Guerra económica, golpe lento y sentido común
Venezuela se encuentra en una encrucijada, en una situación de crisis aguda, en la crisis más difícil de su reciente historia. El presidente, Nicolás Maduro, lo achaca a una «guerra económica» que, según sus palabras, no es sino un mecanismo feroz e implacable de «golpe lento» contra la Revolución, protagonizada por mafias y sectores de la oposición ligados a la derecha colombiana y de EEUU. El desabastecimiento, el acaparamiento y la hiperinflación son realidades de una crisis económica inducida que está agravando un severo malestar social y político y que, en cierta medida, al menos hasta el presente, expone la fragilidad de las instituciones para enfrentarla.
Situada sobre un mar de petróleo y excesivamente dependiente de una economía rentista y bastante disfuncional, Venezuela ha visto cómo la caída de los precios del crudo ha tenido como consecuencia una letal mezcla de escasez de ciertos bienes y una inflación desorbitada, que los sectores de la derecha golpista intentan explotar para llevar al país a una situación de caos y de anarquía. Frente a ello, las medidas de choque aplicadas por el presidente Maduro, particularmente la decisión –luego aplazada– de retirar de la circulación los billetes de 100 bolívares, buscan combatir la especulación de precios, regular las importaciones y controlar la asignación de dólares a precio oficial para evitar que sean revendidos en el mercado negro. Elementos todos ciertamente perturbadores de la economía venezolana a los que hay que hacer frente, sí, con determinación, pero no de cualquier manera.

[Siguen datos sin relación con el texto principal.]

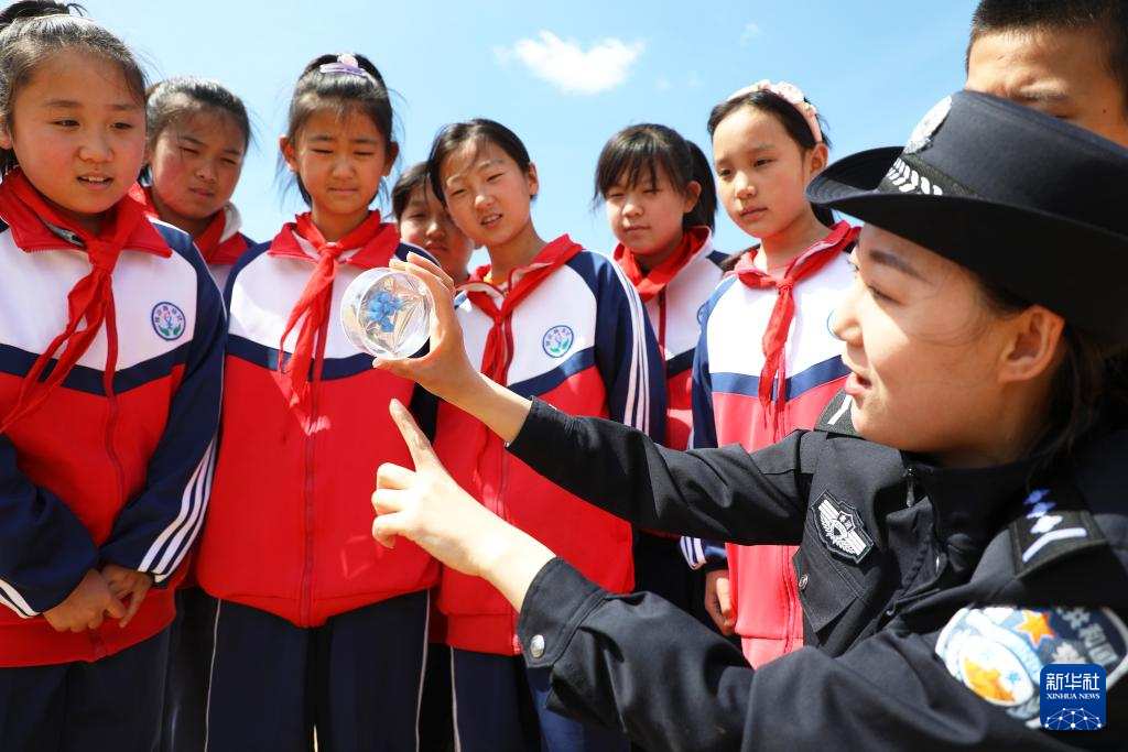 4月14日,在河北省唐山市丰润区常庄镇大杨庄小学,辅警为学生讲解禁毒知识。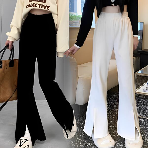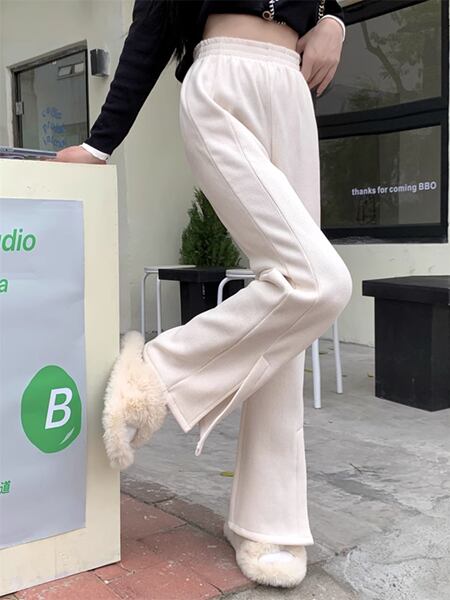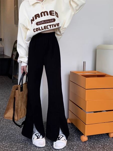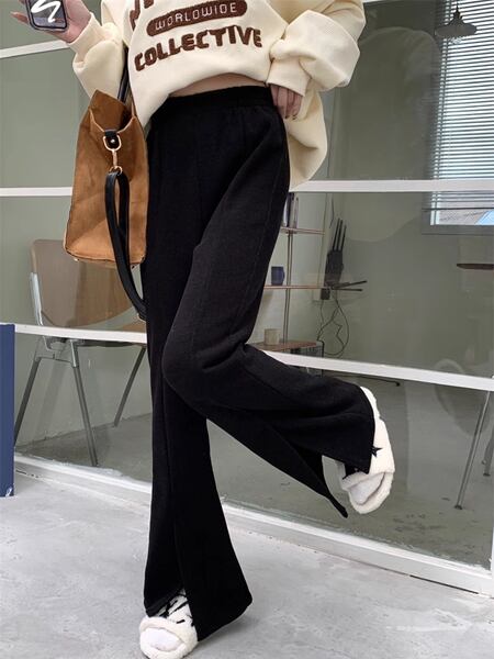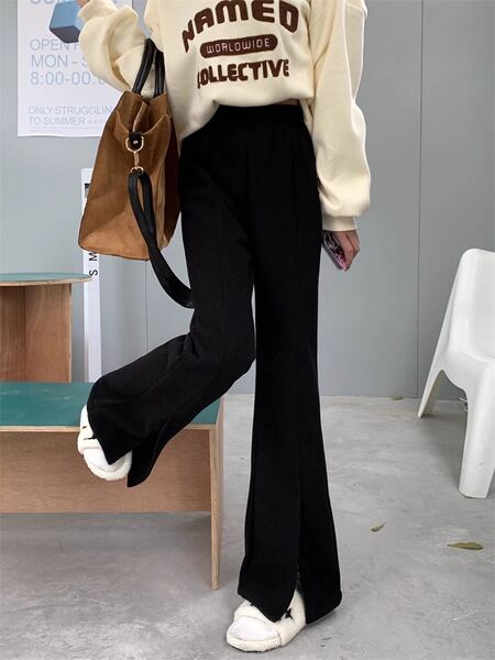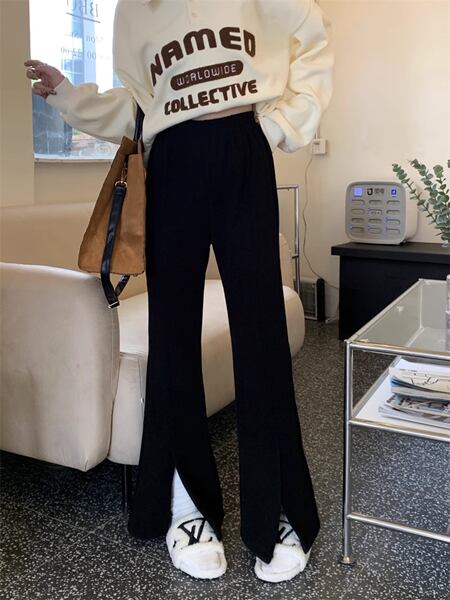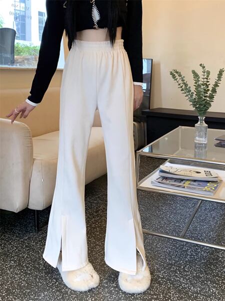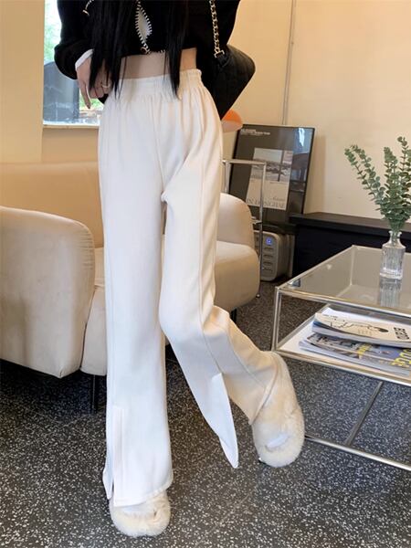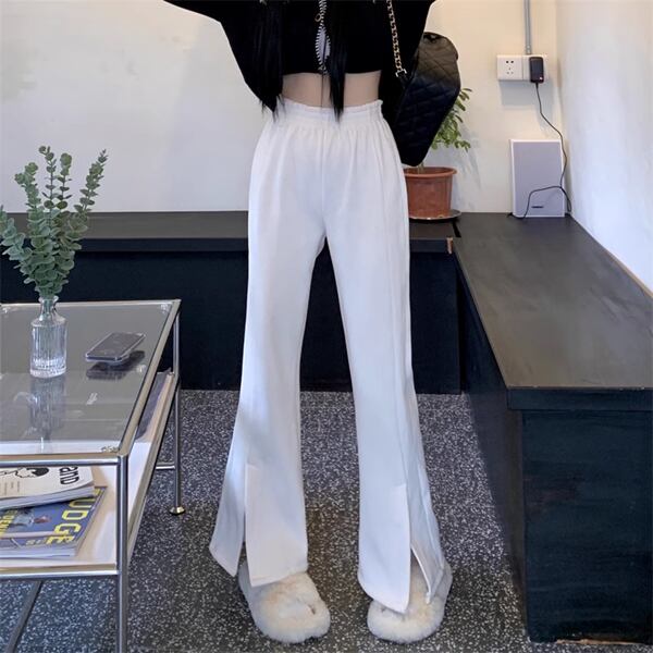 スリットマイクロフレアパンツ レディース パンツ ボトムス ロングパンツ ワイドレッグパンツ セミフレア スリット ファスナー ポケット ハイウエスト ベルベット きれいめ シンプル カジュアル おしゃれ ルーズ クール エレガント 無地 シーズンレス 10代 通勤 通学 イベント ガーデン ショッピング カフェ ツーリング ホワイト ブラック

El anuncio de la retirada de esos billetes disparó las alarmas. Las escenas de pánico entre los venezolanos no se hicieron esperar. Hay que evitar dar bazas a los sectores que impulsan la agudización de esa guerra económica. Para ello, junto con el sentido común, como defiende la economista venezolana Pasqualina Curcio, democratizar la producción y la distribución de bienes resulta necesario.